Говоря о том, что же ведет к Богу вернее всего, практически все мистики сходятся в том, что любовь является здесь определяющим принципом, но если западные мистики считают любовь некоторым предверием к пониманию, которое обнаруживает себя посредством углубленного погружения в собственную память, то восточные видят в любви активную и деятельную и силу, способную преобразить не только самого человека, но и весь окружающий мир. Любовь к Богу должна проявляться и обнаруживать себя в реальном мире--вот тезис восточного христианства; любовь к Богу должна осуществляться внутри самого человека—вот позиция западного христианства. Конечно, ни о каких взаимоисключающих крайностях здесь нельзя говорить, т.к. каждая позиция не может обойтись без другой, дело здесь в тонких акцентах. Но и в том, и в другом случае человек достигает возвышения не путем абстрактно-формальных рассуждений, а благодаря действенному опыту по совершенствованию себя и мира(одно совершенствование может быть возможно только через другое) и, например, искренняя, идущая из глубин сердца односложная молитва может быть лучшим ориентиром на пути обретения такого единства с Богом(мистическое значение молитвы особенно раскрылось в исихазме; также оно высоко признавалось и на Руси, ярким примером чего может служить герой "Откровенных рассказов странника духовному отцу своему", который многотысячными ежедневными повторениями односложной молитвы "Боже, спаси мя, грешного", достигал мистического просветления), чем дотошное богословское многознание.
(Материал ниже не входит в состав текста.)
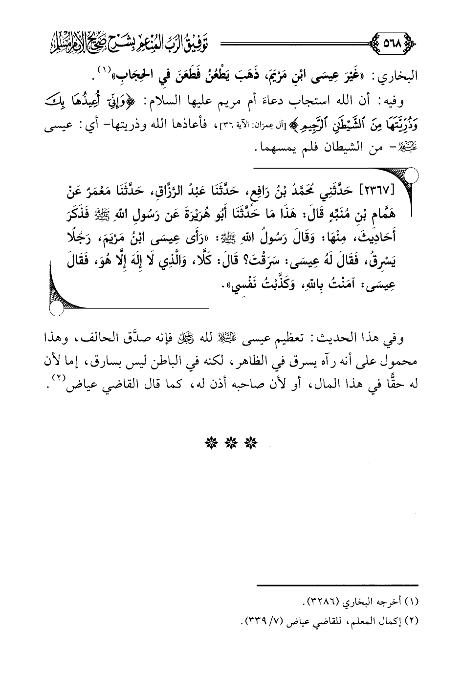 وهذا الحديث فيه: تعظيم عيسى عليه الصلاة والسلام لله عز وجل فإنه صدَّق الحالف، وهذا محمول على أنه رآه يسرق في الظاهر، لكنه في الباطن ليس بسارق، إما لأن له حقًّا في هذا المال، أو لأن صاحبه أذن له، كما قال القاضي عياض (¬٢).
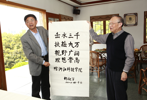 最后,杨叔子亲笔题词,以“击水三千,扶摇九万,视野广阔,理想崇高”十六个字赠予米乐官网。

С другой стороны, нельзя забывать и слова св. Антония о том, "что есть люди, которые изнурили тело свое подвижничеством, и однако удалились от Бога, потому что не имели рассудительности"(цит. по С.С. Хоружий, Феноменология аскезы, М., 1998, 219). Поэтому если восточные и западные мистики и говорили о необходимости “претерпеть незнание”, то имелось ввиду умение признавать то, что стоит выше ума, не давать уму единовластия и единоначалия, сделать его единым с сердцем(этой стороны мы еще коснемся в конце) и определить следующим за(а не опережающим и предвосхищаюшим--ведь, как отмечал Ян Рейсбрук, никто и ничем не может заслужить опыт, прежде чем его получит, в него вольется) за практическим опытом приближения к обожению и за самим мистическим опытом--в обоих случаях уму открывается то, что Николай Кузанский называл "ученым незнанием".
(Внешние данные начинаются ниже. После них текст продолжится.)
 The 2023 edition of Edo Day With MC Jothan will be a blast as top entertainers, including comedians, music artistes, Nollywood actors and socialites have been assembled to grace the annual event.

Сам же человек, повторяю, уже одним своим положением предназначен к мистическому единению с Богом, в чем он--по своим возможностям--превосходит даже всех представителей "небесной иеархии", серафимов, херувимов, ангелов и др., т.к., во-первых, если они и превосходят человеку по подобию(т.е. по действительности) Божиему, то по образу Божиему душа человека выше их; а во-вторых, благодаря воплощению, вочеловечиванию Сына Божьего, Христа, который, что было догматически закреплено на Халкидонском Вселенском Соборе, с одной стороны единосущ Отцу по своему божеству, а с другой--единосущ людям по своему человечеству, преимущество человека перед представителями "небесной иеархии" выражается в том, что он, как и Христос, имеет тело(более подробно об христианском понимании, воплощенном в учении Святых Отцов, особого преимущественного положения человека, в том числе и по отношению к ангелам см: архим. Киприан, Антропология св. Григория Паламы, М., 1995, вся седьмая глава второй части, особенно, 343-362).
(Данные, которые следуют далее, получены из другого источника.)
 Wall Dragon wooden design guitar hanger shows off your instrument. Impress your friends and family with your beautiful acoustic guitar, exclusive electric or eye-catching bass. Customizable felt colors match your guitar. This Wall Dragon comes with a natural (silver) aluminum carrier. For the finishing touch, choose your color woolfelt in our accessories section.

Роль тела нельзя преуменьшать, ведь на пути к мистическому единению с Богом совершенствуется, одухотворяется и само тело, которое занимает важное место в процедуре обретения и переживания мистического опыта. Этим еще раз подчеркивается ограниченность и недостаточность одних лишь интеллектуальных усилий человека; собственно телесный фактор мистического опыта позволяет впрямую рассматривать осуществляемое в нем "божественного единения" как брак, мистический брак Невесты-человека и Жениха-Бога, к которому вела человека любовь, любовь к Богу, amor Dei, но и, конечно, снисходительная любовь Бога к человеку(тема мистического эротизма так же устойчива в культуре, как устойчива в ней мистика; для нас здесь важно отметить Платона, Песню песней Соломона, средиземноморских средневековых мистиков, особенно славившихся своей экзальтированностью италийских мистиков-женщин) . Действительно, любовь выступает той силой, которая приводит сопричастных ей, влюбленных и любящих к единению друг с другом. Но, как и в случае с человеческой любовью, в которой приходят к единству только лишь при условии, во-первых, взаимной любви, а во-вторых, только лишь в состоянии любовного экстаза, любовного эротизма, так же происходит и в случае с мистической любовью. Первое условие здесь претворяется таким образом, что достижение мистического опыта, как мы уже говорили, возможно только благодаря милости Бога, только если имеет место его Откровение и Сни-схождение(поэтому Бога и определяют как Жениха, т.е. отдавая ему главную, определяющую и выбирающую роль в мистическом браке)--милость же эта, т.е. божественная любовь, открыта для всех.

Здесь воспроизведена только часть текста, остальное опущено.